What Are Monogenic Disorders?

Many diseases encountered in daily life are hereditary, such as monogenic disorders. Once inherited, these conditions can pose significant threats to human health. What exactly are monogenic disorders?

What Are Monogenic Disorders?

Monogenic disorders are diseases caused by mutations in a single pair of genes, and their inheritance follows Mendelian principles. If the disease-causing gene is located on an autosome and manifests in the heterozygous state, it is termed an autosomal dominant disorder. Conversely, if the disease only manifests in the homozygous state, it is classified as an autosomal recessive disorder.
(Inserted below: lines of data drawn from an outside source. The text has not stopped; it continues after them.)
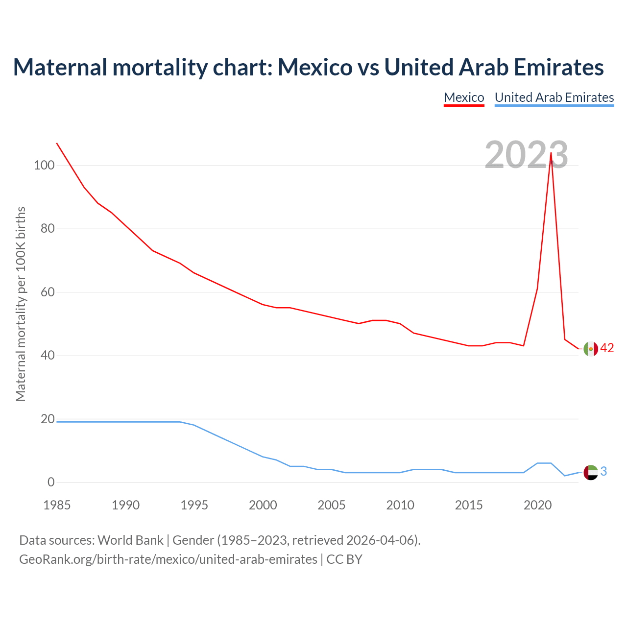 The maternal mortality rate, which is the probability of dying during childbirth or within 42 days of pregnancy termination, is 42 deaths per 100,000 live births in Mexico, compared to 3 deaths in the United Arab Emirates.
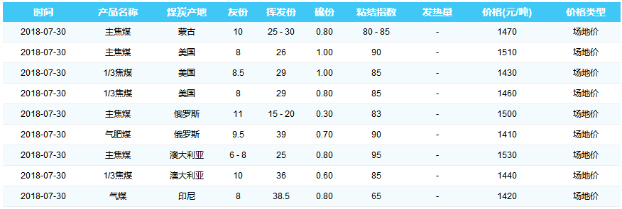 2018年7月30日京唐港煤炭价格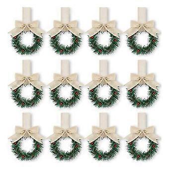 12PCS Christmas Kitchen Cabinet Wreaths with Ribbon & Berries - Small Hanging Wreaths for Doors & Windows Christmas Decor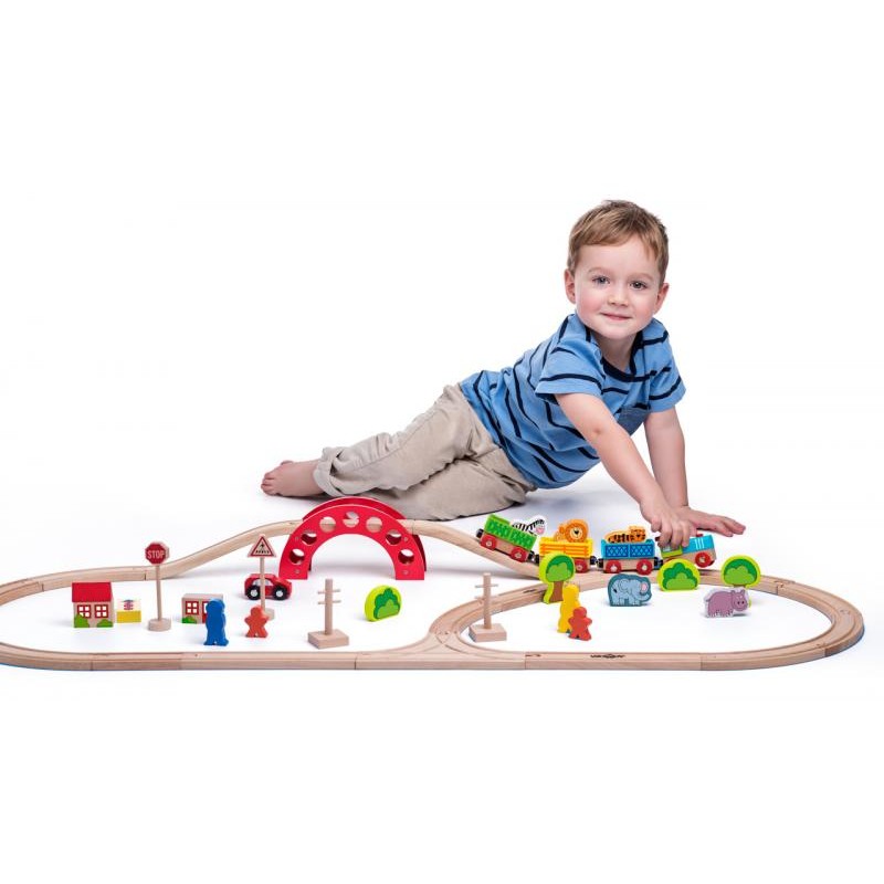 Set Trenulete Animal Zoo Train – Trenulet Gradina cu animale Set din lemn de 118 cm cu 60 piese sine si accesorii

When the causative gene resides on the X chromosome, the condition is categorized as either X-linked dominant or X-linked recessive, depending on its mode of transmission.

To reduce the incidence of monogenic disorders in daily life, individuals should undergo premarital health examinations. Preconception carrier screening is also recommended, followed by regular prenatal testing during pregnancy. These preventive measures collectively help lower the risk of transmitting genetic disorders.
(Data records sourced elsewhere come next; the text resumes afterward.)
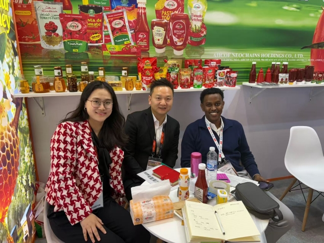 步入2026年,安糧新鏈的海外市場布局持續(xù)向縱深推進,將目光投向中東及北非市場,精準切入食品消費賽道。在1月的迪拜海灣食品展上,安糧新鏈高效對接來自阿聯(lián)酋、沙特、埃及等數(shù)十個國家和地區(qū)的專業(yè)客商,成功挖掘大批重點意向客戶,番茄醬產(chǎn)品率先實現(xiàn)訂單落地,更與也門客戶達成定制化合作共識,敲定立袋、平袋番茄醬試單合作,順利打開中東及北非食品市場的入口,為快消品類的全球化布局奠定基礎。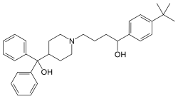 Terfenadine is an antihistamine formerly used for the treatment of allergic conditions. It was brought to market by Hoechst Marion Roussel (now Sanofi) and was marketed under various brand names, including Seldane in the United States, Triludan in the United Kingdom, and Teldane in Australia.[1] It was superseded by fexofenadine in the 1990s due to the risk of a particular type of disruption of the electrical rhythms of the heart (specifically cardiac arrhythmia caused by QT interval prolongation) and has been withdrawn from most of markets worldwide.[2]: 53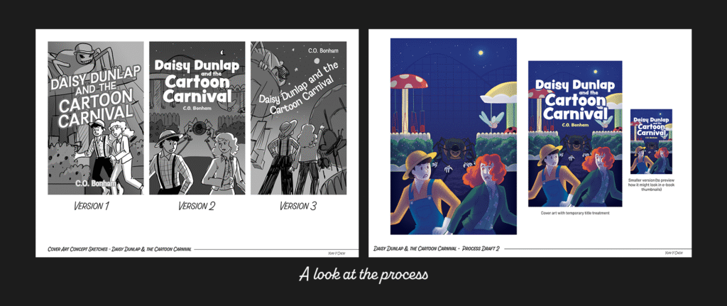 Designed the cover artwork and layout for C.O. Bonham’s whimsical story, Daisy Dunlap and the Cartoon Carnival.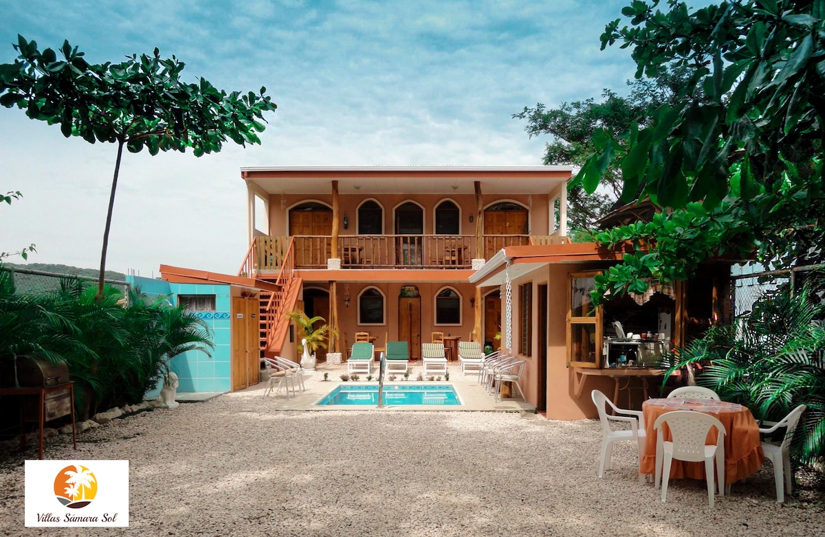 NEDAVNO RENOVIRANA šarmantna kuća „Sol y Luna“ 3 BDR SA PRIVATNIM BAZENOM, šetnja do plaže. Nalazi se na organskoj farmi od 60 hektara sa 24-satnim čuvarom. 3 spavaće sobe sa klima-uređajem i ventilatorima. Jahanje konja je dostupno na imanju. WI-FI internet u celoj kući. Velika terasa. Udobnai potpuno opremljena kuhinja. Odvojeno i privatno pranje veša. 5 min vožnje do mesta za surfovanje Plaja Negra i do Playa Avellanas, peške do Playa Lagartillo. 25 minuta vožnje do Tamarinda.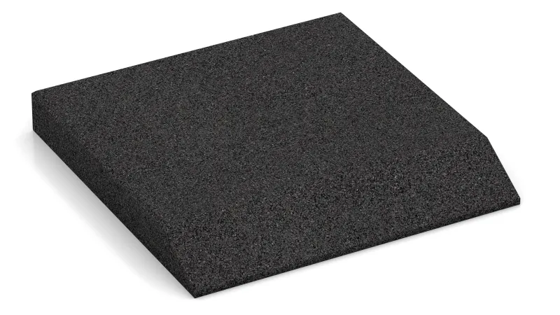 The edge tile with one chamfered side is a useful and system-compatible addition to the rubber granulate tiles type FS. The edge tile is used for avoiding trip hazard that can occur at the transition to the rubber granulate surface in case only one section is paved with rubber granulate slabs. It also helps compensate the level difference between the ground and rubber plates surface. Trip accidents can be avoided and smooth driving on it with a wheelchair, a baby buggy or a rollator is possible.

Individuals with monogenic disorders should follow a light, balanced diet rich in fresh fruits and vegetables high in vitamins. Fermented soy products (e.g., soybean paste) are beneficial due to their zinc content, which exerts antioxidant effects. Kiwifruit is also highly recommended, as it is abundant in vitamin C—a nutrient known to enhance DNA damage repair. We hope this information proves helpful to you.